Swing war und ist nicht nur Unterhaltung, vielmehr ging es beim Swing immer auch um Politik und ein Statement zum Zusammenleben von Menschen unterschiedlicher Herkunft. Duke Ellington, Count Basie, Jimmie Lunceford, Cab Calloway, Earl Hines, Lionel Hampton waren farbige Musiker des Jazz, die zusammen mit Jimmy Dorsey, Bunny Berigan, Glenn Miller und Arti Shaw den Bigband-Swing prägten. Das war in den 30er Jahren in den USA revolutionär. Jazz wurde durch Swing zum Mainstream. Die Bandleader zu Stars. Im Kontext der Swing-Rezeption in Deutschland wird die inklusive Kraft des Swing geflissentlich übersehen.

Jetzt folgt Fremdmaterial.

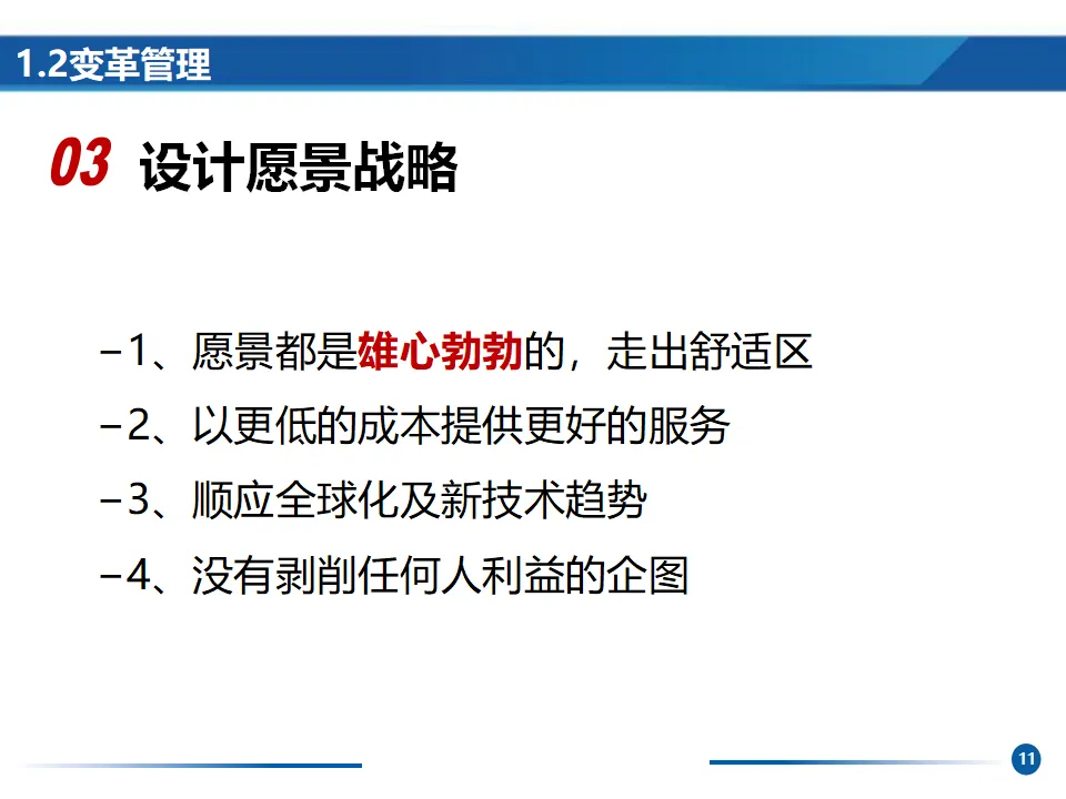 愿景是变革的灯塔,它为组织指明方向,激励人们克服困难前行。有效的愿景不是空洞的口号,而是具有强烈感召力和现实指导意义的蓝图。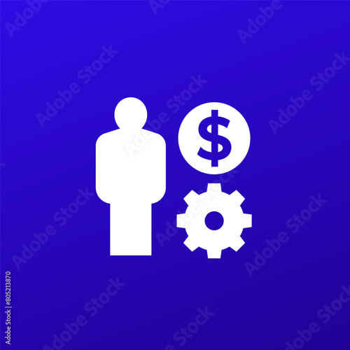 money, icon, constructed, vector, income, profit, wage, earning, dollar, financial, man, employee, cost, revenue, salary, investor, return, savings, account, staff, business, finance, pay, commission, person, gear, pictogram, design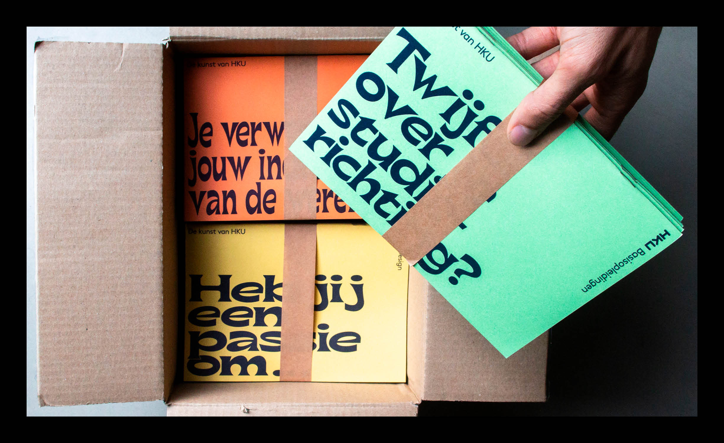 With more than 3,900 students and over 40 different courses, HKU is one of the largest art and culture-oriented institutes in Europe. The goal of the recruitment campaign was to motivate talents to visit the ‘Open Day’ and to increase the registration of potential students. The campaign has a populair, intriguing yet open character which reflects to contemporary young creatives.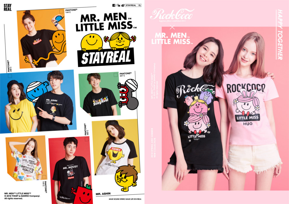 奇先生妙小姐(Mr. Men Little Miss)誕生於1971年,由來自英國知名的插畫家Roger Hargreaves所創作的繪本,以生動、趣味且具有啟發性的特色深受大人與小孩喜愛,在全世界廣受歡迎,至今已成為全球經典的文學繪本之一。這次在雙方共同創造繪製下,將阿信與小鼠變成繪本中的角色人物,化身MR. ASHIN與MR. MOUSY闖入奇妙家族,以簡單的線條勾勒加上生動的自然神情,與奇先生妙小姐(Mr. Men Little Miss)中的經典人物齊聚一堂。另外,STAYREAL旗下女裝品牌ROCKCOCO則是精選Little Miss四款人氣角色,包括擁抱小姐、公主小姐、玲瓏小姐以及淘氣小姐,以純真歡樂的氛圍結合熱燒的流行色系「乾燥玫瑰粉」與「Ultra Violet 紫外光」,讓女性服飾也能輕鬆跟上時尚潮流!這次奇先生妙小姐(Mr. Men Little Miss)聯名系列也提供更加多元的服飾版型,包括休閒風格的T-shirt、流行剪裁的Oversize寬版T、另外還有STAYREAL擅長的創意變身設計以及ROCKCOCO特殊的修身顯瘦剪裁,款款都是繽紛亮眼的百搭選擇!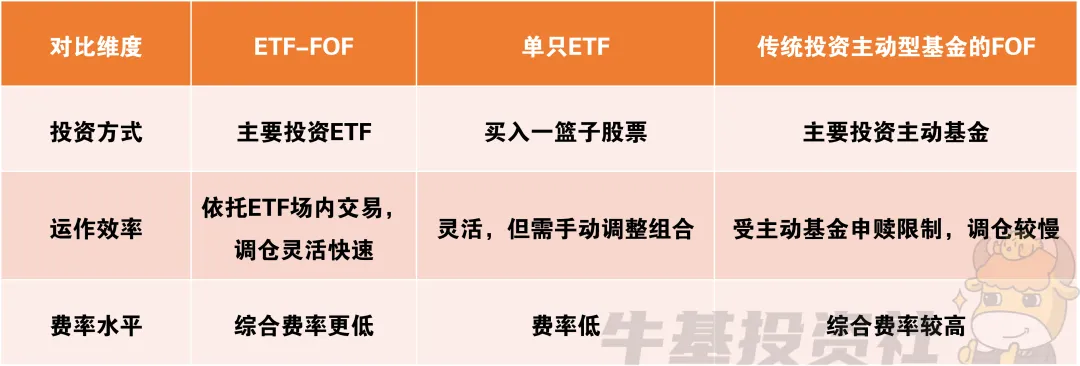 简单来说,ETF-FOF就是“ETF的精选管家”——它本质是FOF基金,但有明确的投资约束:投资于ETF的比例不低于非现金基金资产的80%。与单只ETF、传统主动型FOF相比,ETF-FOF形成了“三重优势”,我们用一张表清晰对比: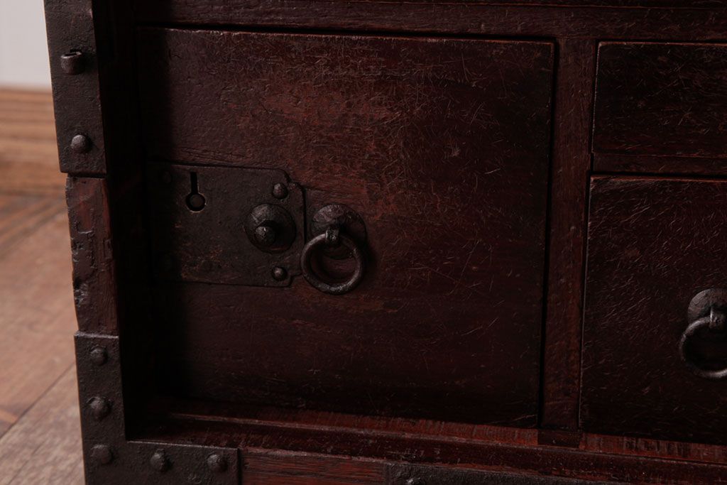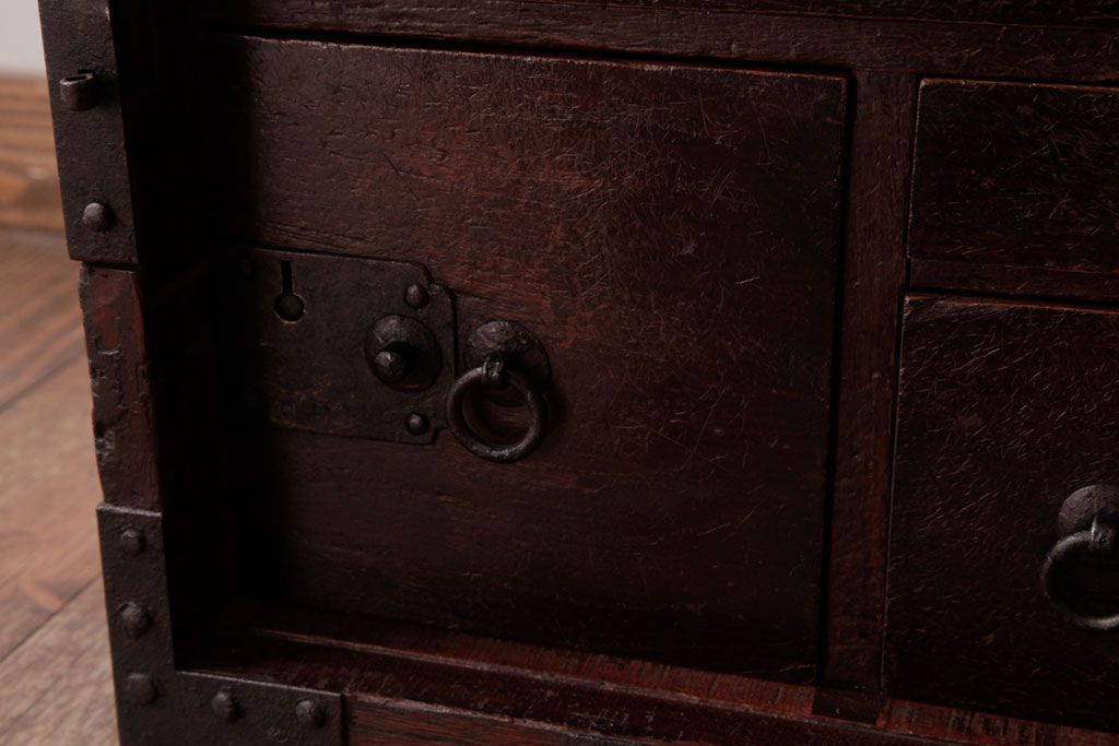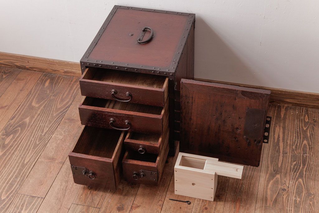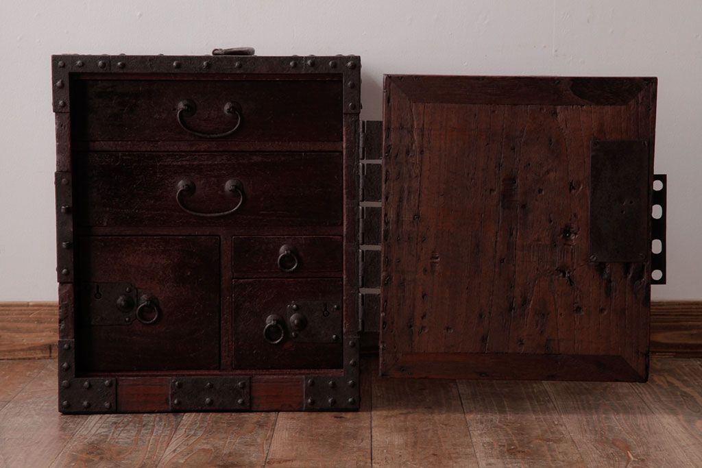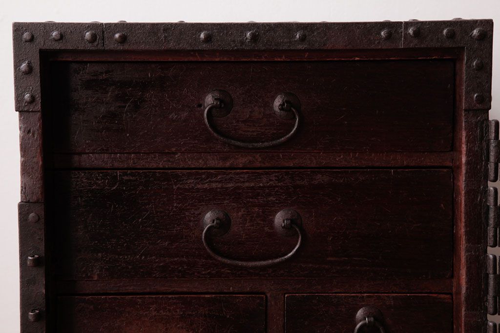 古民具・骨董 江戸明治期 渋い趣が味わい深い船箪笥(掛硯型、懸硯型、小引き出し)です。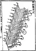 In Zhao Shizhen's book of 1598 AD, the Shenqipu, there were illustrations of Ottoman Turkish musketmen with detailed illustrations of their muskets, alongside European musketeers with detailed illustrations of their muskets.[56] There was also illustration and description of how the Chinese had adopted the Ottoman kneeling position in firing while using European-made muskets,[57] though Zhao Shizhen described the Turkish muskets as being superior to the European muskets.[58] The Wubei Zhi (1621) later described Turkish muskets that used a rack-and-pinion mechanism, which was not known to have been used in any European or Chinese firearms at the time.[59]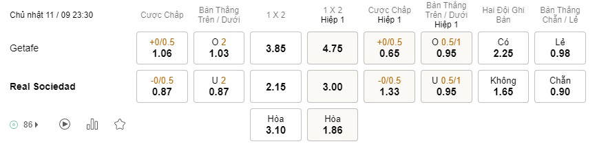 Tỉ lệ kèo Getafe vs Sociedad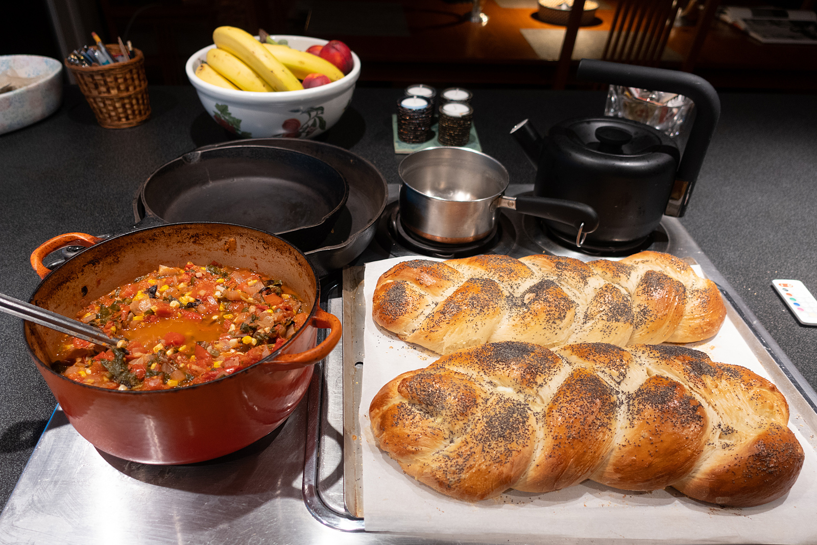 Another Jewish holiday has passed and Peggi has made three more pots of sauce (this orange Le Creuset pot, a glass bread pan and a Corning dish) but no challah. She has been making bread with Gloria’s sour dough starter and the sweet challah loaves doesn’t work with that. We plan to check in the garden today but those were the last batches of sauce. Our tomato output has slowed to a crawl and the basil is spent.

In einer Gegenwart, in der Narrative von Rasse, Herkunft und Heimat auf der Bühne der Politik wiederkehren, wird der swingend dahingeworfene Gruß AHOI zum Statement.

Kennen Sie das Brausepulver AHOI, mit dem Oskar Matzerat in der Blechtrommel am Strand auf dem Bauchnabel von Katharina Thalbach experimentiert? Ahoi schäumt auf und prickelt auf der Haut. Es ist nicht nur Seemannssprache für Bühnen-Kreuzfahrtkapitäne wie David Hermlin. Es ist ein Versprechen auf Freude an Unterhaltung with a message bei allerhöchster Disziplin. Das macht AHOI zu einer besonderen Show mit exzellenter Akrobatik. Das Politische am Swing wird keinesfalls propagiert, es wird als Praxis vorgeführt. Das hat seine Gründe, auf die später noch einzugehen sein wird. Zunächst einmal geht es um schäumend prickelnde, hochprofessionelle Unterhaltung unter den Rahmenbedingungen eines privatwirtschaftlichen Unternehmens. Und das ist dann selbst und erst recht in Berlin bei allen Kürzungen der Kulturförderung einmalig.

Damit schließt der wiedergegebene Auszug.